Hi, I’ve been trying to perform operations on Arrays that may have missing values, using the below prototype function:
function nanop(f::Function,data::Array;dim=1)
    ndim = ndims(data); dsize = size(data);
    if ndim==2
        if dim==1; newdim = [2,1]; data = permutedims(data,newdim); nsize = dsize[2]; end
    elseif ndim>2
        if dim==1; newdim = convert(Array,2:ndim); newdim = vcat(newdim,1);
            data = permutedims(data,newdim);
            nsize = dsize[2:end]
        elseif dim<ndim
            newdim1 = convert(Array,1:dim-1);
            newdim2 = convert(Array,dim+1:ndim);
            newdim  = vcat(newdim1,newdim2,dim)

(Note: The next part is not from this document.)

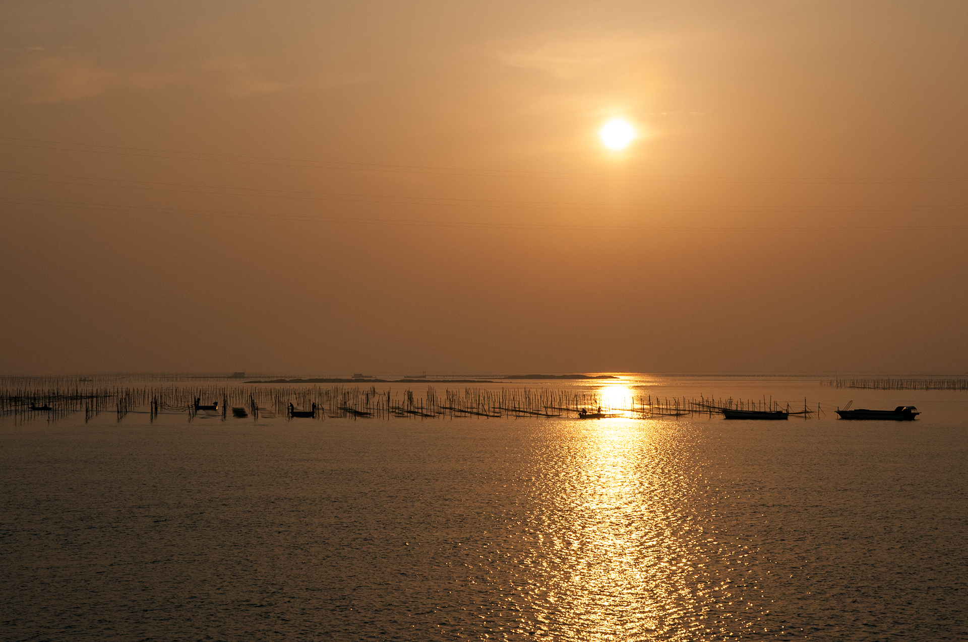 한창 작업중인 김 양식장 위에도 해가 드리우고~

            data    = permutedims(data,newdim);
            nsize   = tuple(dsize[newdim1]...,dsize[newdim2]...)
        else nsize  = dsize[1:end-1]
        end
    else; nsize = dsize[1:end-1]
    end
    data = reshape(data,:,dsize[dim]); l = size(data,1); out = zeros(l);
    for ii = 1 : l; dataii = data[ii,:];
        out[ii] = f(skipmissing(dataii));
    end
    return reshape(out,nsize)
end
However, benchmarking using @btime shows that something is seriously slowing down performance for large arrays.
@btime nanop(mean,rand(480,241,365),dim=3);;
@btime nanop(maximum,rand(480,241,365),dim=3);
@btime nanop(minimum,rand(480,241,365),dim=3);
@btime nanop(std,rand(480,241,365),dim=3);
gives me
  619.931 ms (231370 allocations: 663.69 MiB)

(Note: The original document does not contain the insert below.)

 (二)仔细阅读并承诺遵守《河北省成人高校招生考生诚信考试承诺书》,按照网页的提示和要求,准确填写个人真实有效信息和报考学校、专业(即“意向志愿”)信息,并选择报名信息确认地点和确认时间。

  618.972 ms (115690 allocations: 661.93 MiB)
  619.175 ms (115690 allocations: 661.93 MiB)
  829.410 ms (231370 allocations: 663.69 MiB)
Is there any way to reduce memory allocation, because frankly I’m going to be doing operations like
@btime nanop(mean,rand(480,241,365,4),dim=4);;
@btime nanop(maximum,rand(480,241,365,4),dim=4);
@btime nanop(minimum,rand(480,241,365,4),dim=4);
@btime nanop(std,rand(480,241,365,4),dim=4);
which frankly scares the crap out of me since I’ll have to perform the for-loop operation many many more times than in my first few test cases.